[Start of section]

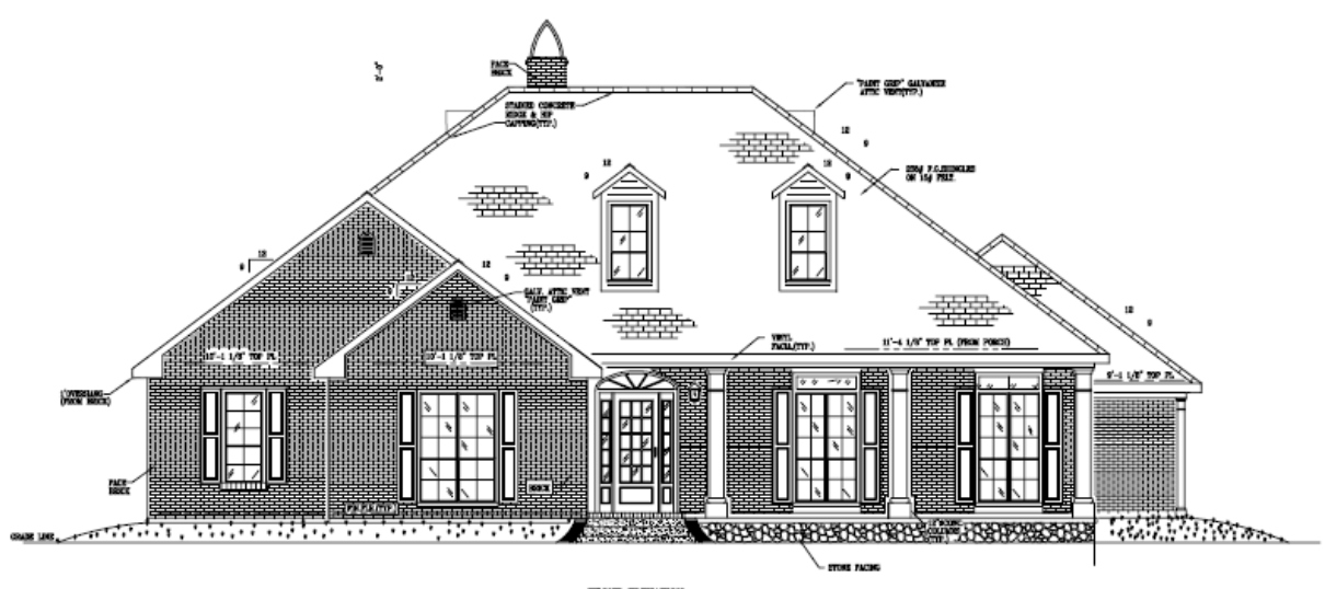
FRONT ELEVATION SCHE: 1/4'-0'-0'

[End of section]
[Start of section]

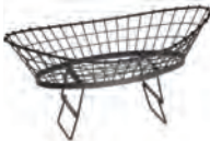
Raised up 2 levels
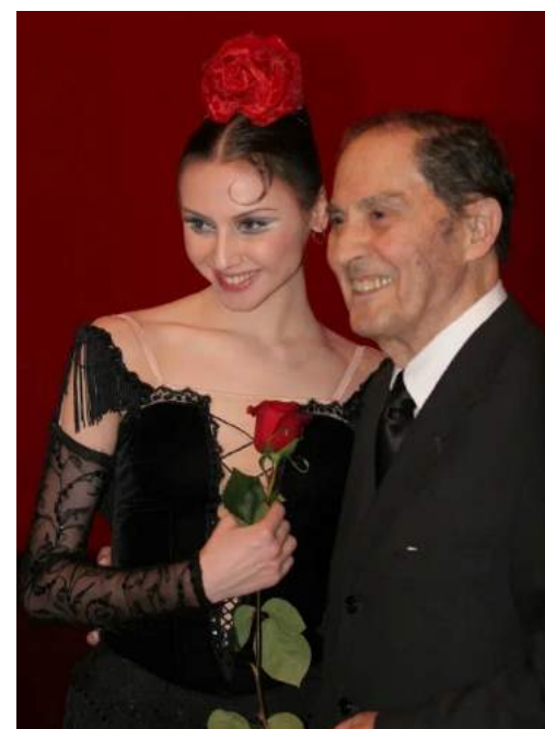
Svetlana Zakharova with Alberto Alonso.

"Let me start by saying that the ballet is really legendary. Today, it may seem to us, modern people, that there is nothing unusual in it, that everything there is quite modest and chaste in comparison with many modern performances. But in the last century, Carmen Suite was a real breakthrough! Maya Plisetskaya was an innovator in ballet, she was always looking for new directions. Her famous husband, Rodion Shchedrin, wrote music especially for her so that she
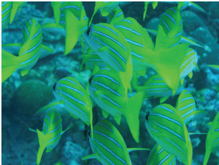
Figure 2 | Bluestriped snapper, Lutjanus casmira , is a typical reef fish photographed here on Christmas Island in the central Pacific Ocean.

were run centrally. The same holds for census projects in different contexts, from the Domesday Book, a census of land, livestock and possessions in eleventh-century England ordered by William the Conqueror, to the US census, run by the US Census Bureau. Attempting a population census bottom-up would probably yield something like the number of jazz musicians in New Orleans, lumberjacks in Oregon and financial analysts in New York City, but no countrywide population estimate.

[End of section]

→ **YOUR TASK**:
Where a line above contains the string "with", copy that line.

→ **RESPONSE BOX**:
Svetlana Zakharova with Alberto Alonso.
"Let me start by saying that the ballet is really legendary. Today, it may seem to us, modern people, that there is nothing unusual in it, that everything there is quite modest and chaste in comparison with many modern performances. But in the last century, Carmen Suite was a real breakthrough! Maya Plisetskaya was an innovator in ballet, she was always looking for new directions. Her famous husband, Rodion Shchedrin, wrote music especially for her so that she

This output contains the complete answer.